It’s hard to imagine modern working life without sending and receiving emails. In an ideal reality, our messages always get where they need to go and are opened. However, there are times when emails don’t receive attention or are considered spam. How to avoid this?
According to statistics, more than 54% of e-mails sent worldwide are spam. For this reason, email providers are developing more and more effective solutions to help distinguish spam from messages from marketers operating under permission marketing principles. If we want to ensure that our e-mails reach their recipients and not the spam list, we need to keep a few things in mind. We should also know what can make recipients reluctant to open messages and how to remedy it. We suggest what to pay attention to.
Even if our messages are not marked as spam, they still often remain ignored. There may be several reasons why emails are not opened.

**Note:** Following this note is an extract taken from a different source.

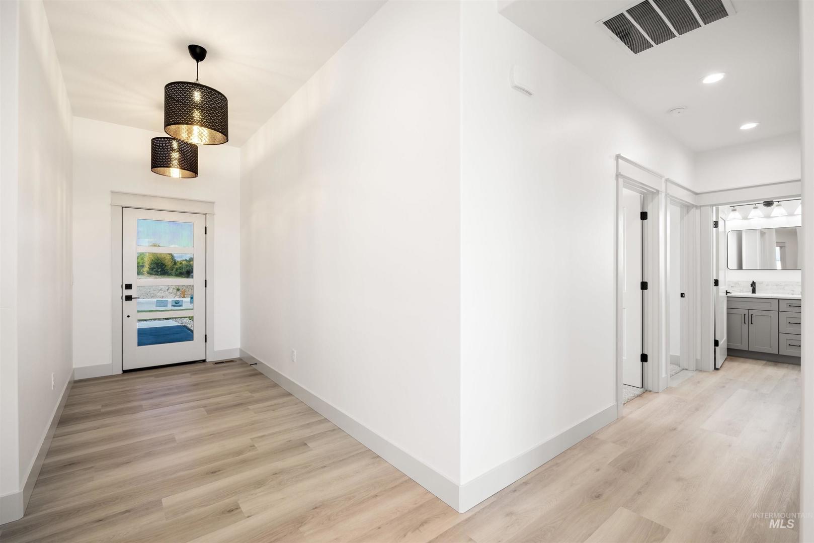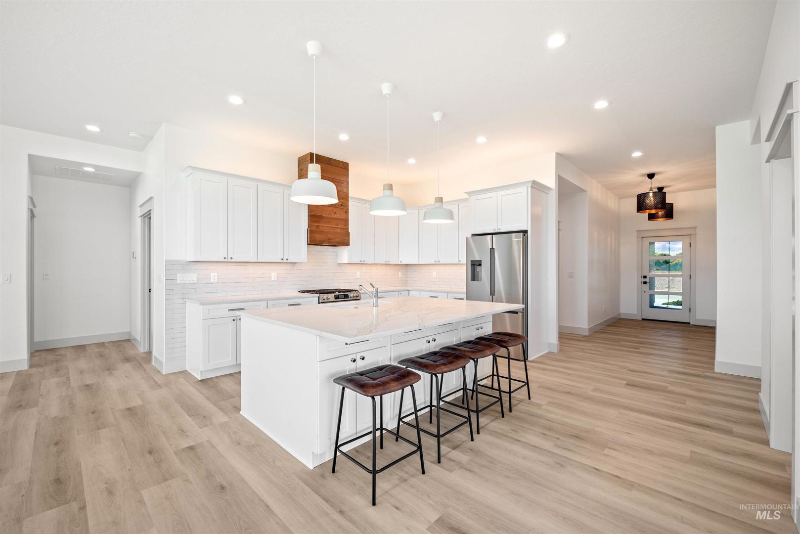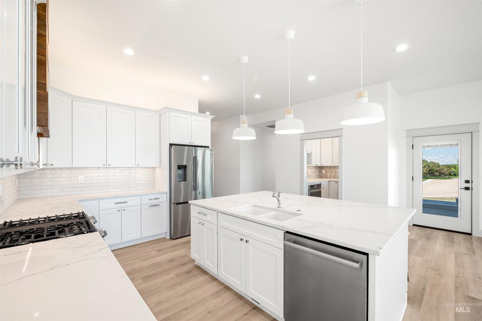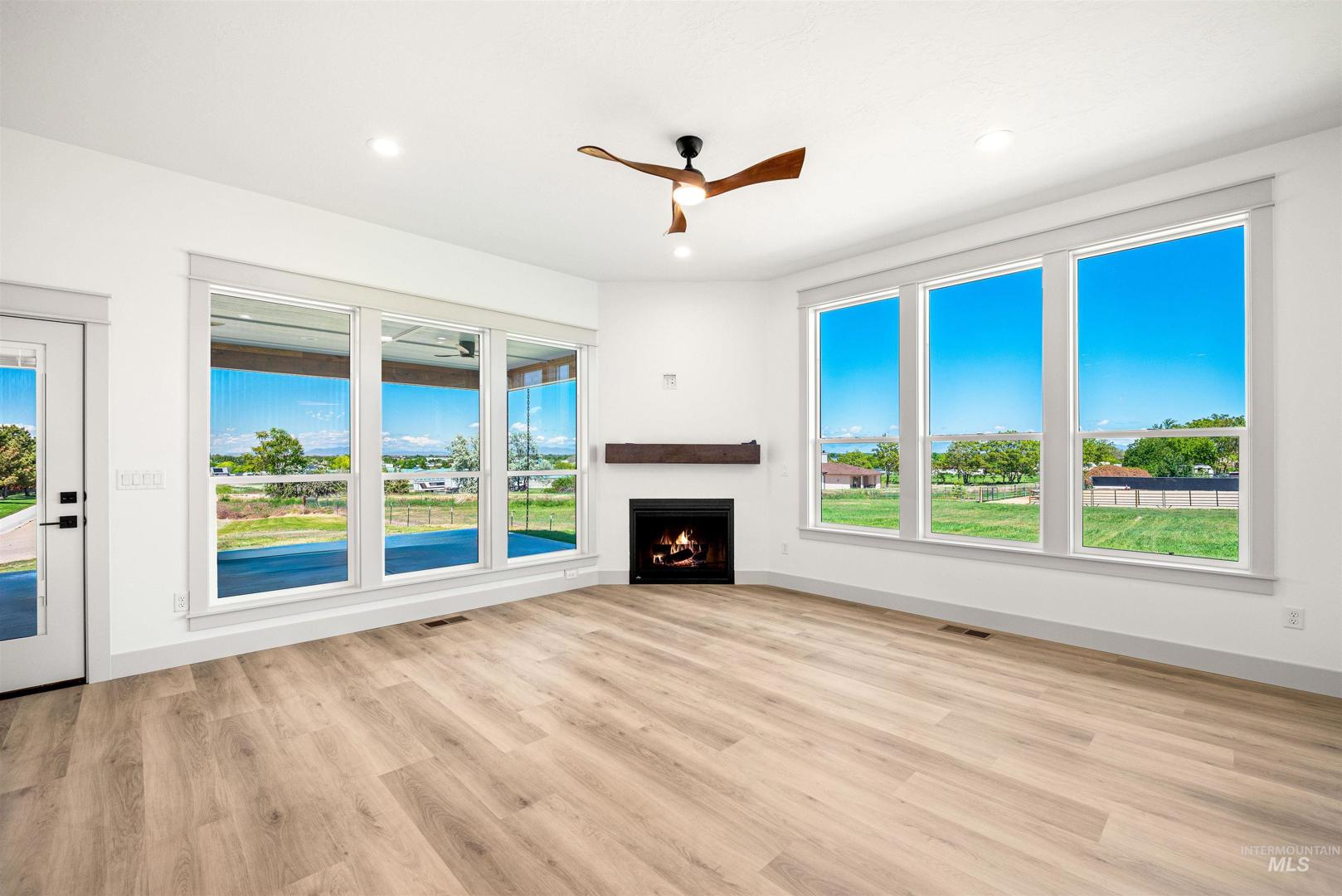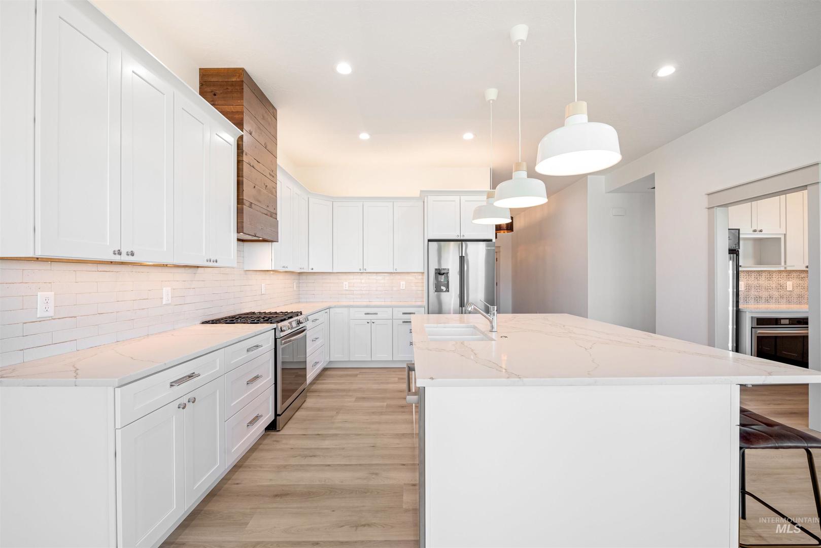 Builder offering a $10,000 buyer credit at close! This is a one-of-a-kind beautifully designed custom home built by Hannu Homes. You`ll enjoy panoramic views of Squaw Butte Mountains & Bogus Basin from your east facing back covered porch. You can also enjoy the views from inside this open floorplan w/ oversized windows. Waterproof LVP flooring throughout main living, 10` ceilings, w/ 42"gas fireplace in great room. Kitchen designed with oversized island featuring cabinets on the back side as well for extra storage, SS Bosch Appliances, tile backsplash, gas cooktop w/custom hood vent, and quartz countertops. Gorgeous butler pantry includes oven, sink, mosaic tile, beverage cooler, quartz countertops, shelving, tons of storage and again views to enjoy! Large primary suite with a private, en-suite bathroom featuring a walk in shower w/ dual shower heads, large soaker tub, and sauna for all of your wellness needs. Step out of the sauna and into a heated bathroom for cleansing. Three bedrooms, three bathrooms, plus a flex room that can be used for an office, gym, or fourth bedroom. Fully insulated garage with epoxy finish flooring, extended third bay, sink. Oversized back patio features BBQ stub, outdoor sink/washing station, with no direct back or side neighbors. This home is full of designer lighting, custom shelving, and craftsman trim package. Close to shopping, restaurants and more!

It’s not surprising that recipients start ignoring our messages over time, since we flood them with emails every day. Respondents indicate that receiving too many messages is the main reason for unsubscribing from newsletters. How to avoid this? Simply reduce the frequency of emails and see if recipients’ activity increases.
It’s not only too frequent sending of messages that can harm us. The same is true of irregular emailing. Recipients may, over time, forget that they subscribed to the newsletter and stop reading the messages. So it’s worth ensuring regularity of sending – emails sent twice a week will be optimal.
It is often the case that recipients do not read our messages because the emails do not reach them. This may be due to low deliverability, which depends, among other things, on the e-mail marketing system or the recipients’ reaction to received messages (for example, throwing them in the trash without opening them). The solution in such a situation is to verify the level of message deliverability. To do this, we should regularly analyze the statistics of the mailings, including the open rate (OR) and the number of hard and soft bounces.
We already know what can cause a lack of interest in our messages from recipients and how to remedy it. Now let’s focus on making sure emails don’t go to spam.
Some marketers use dishonest tricks to mislead recipients and get them to open the email. The most common way is to put the abbreviation Re: or FWD: in the subject line of the message, which suggests continuing communication. Let’s not abuse the trust of recipients, who may immediately mark such a message as spam. Let’s make sure that the subject of the message always corresponds to its content.
The sender’s name, like the subject of the message, is among the key information on the basis of which the recipient decides whether to open the e-mail at all. Messages should be sent by a single and unchanging sender, as frequent sender changes can create distrust among recipients.